On a sunny afternoon in February, pediatrician Katie Brown visited a young patient in her home. The toddler was fully vaccinated, but when Brown suggested a COVID-19 vaccine, the mother immediately declined, revealing she herself remained unvaccinated.
Brown, working through a Medicaid-funded in-home visit program, finds herself spending increasing amounts of time addressing parental anxieties about vaccines. The pandemic, she notes, sparked a broader distrust. “After COVID vaccines, some people just decided, ‘I don’t know if I trust vaccines, period.’”
Statewide vaccination rates have fallen below the levels needed for herd immunity, leaving communities vulnerable to outbreaks of diseases like measles. New Orleans has launched its own immunization campaign, but the lack of statewide coordination leaves many areas unprotected.
“It’s been a blow to not have a statewide coordination,” stated Jennifer Avegno, director of the New Orleans Health Department. Doctors are largely left to navigate the rising tide of vaccine hesitancy on their own.
In Baton Rouge, pediatrician Mikki Bouquet carefully approaches vaccine conversations, aware of the sensitivity surrounding the topic. She’s experimenting with ways to rebuild trust, but fears some parents are avoiding appointments altogether to avoid the discussion. “We’re having to walk on eggshells a bit to determine how to get that trust back.”

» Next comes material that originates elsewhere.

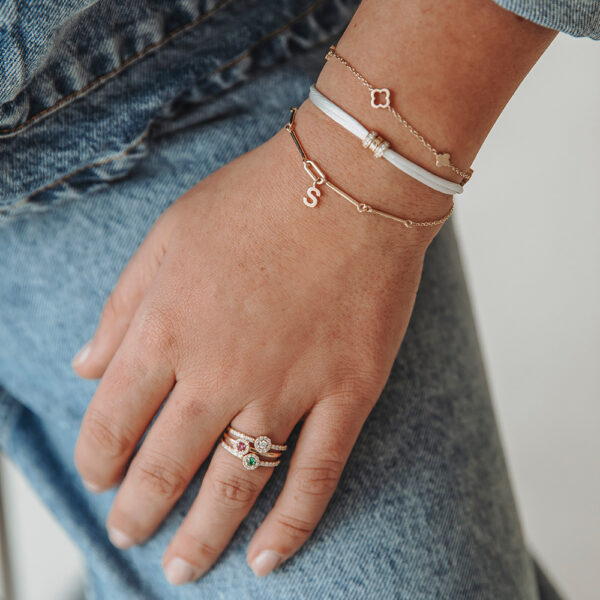 Deze 14 karaats gouden bedel is rondom gegraveerd met één initiaal of symbool dat zich acht keer herhaalt – subtiel, krachtig en helemaal van jou.

The organization formerly led by the current health secretary actively worked to undermine vaccine confidence, spreading misinformation about COVID-19 shots and even questioning the safety of polio vaccines. They launched legal challenges to revoke emergency authorizations for vaccines.
During the confirmation hearings, Senator Cassidy recounted a harrowing experience from his medical past: a young woman requiring an emergency liver transplant due to hepatitis B. “$50 of vaccines could have prevented this all,” he told the nominee, highlighting the devastating consequences of vaccine-preventable diseases.

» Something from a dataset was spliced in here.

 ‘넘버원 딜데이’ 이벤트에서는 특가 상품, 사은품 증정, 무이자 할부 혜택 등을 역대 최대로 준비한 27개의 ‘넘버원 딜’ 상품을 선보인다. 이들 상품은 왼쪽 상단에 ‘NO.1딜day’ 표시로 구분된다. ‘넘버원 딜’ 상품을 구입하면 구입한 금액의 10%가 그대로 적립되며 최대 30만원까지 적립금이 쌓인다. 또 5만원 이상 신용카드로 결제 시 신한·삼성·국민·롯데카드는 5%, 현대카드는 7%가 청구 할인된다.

Cassidy’s political journey began in 2006, and he initially captivated Louisiana voters with his image as a doctor in scrubs, dedicated to serving his community. However, his vote to convict during a presidential impeachment trial alienated some Republicans.
His loyalty was further tested by the health secretary’s nomination. Cassidy secured pledges that the nation’s vaccination program wouldn’t be altered, but those promises appear to have been broken. He has remained largely silent in the face of these changes.
A former colleague in Congress noted the senator’s visible discomfort with the direction the health department is taking. “You could hear some of the pain in Sen. Cassidy’s voice when he was addressing that the secretary wanted to drop the birth dose of hepatitis B.”
Elizabeth Britton, a retired nurse practitioner, has even switched her party affiliation to support Senator Cassidy in the primary, remembering their shared work vaccinating patients decades ago. She is deeply troubled by the current situation, feeling “profoundly sad” and “angry” about the resurgence of vaccine hesitancy.
“It puts a pit in my stomach, because I know the consequences of people not getting the vaccine,” she said, her voice filled with concern for the future.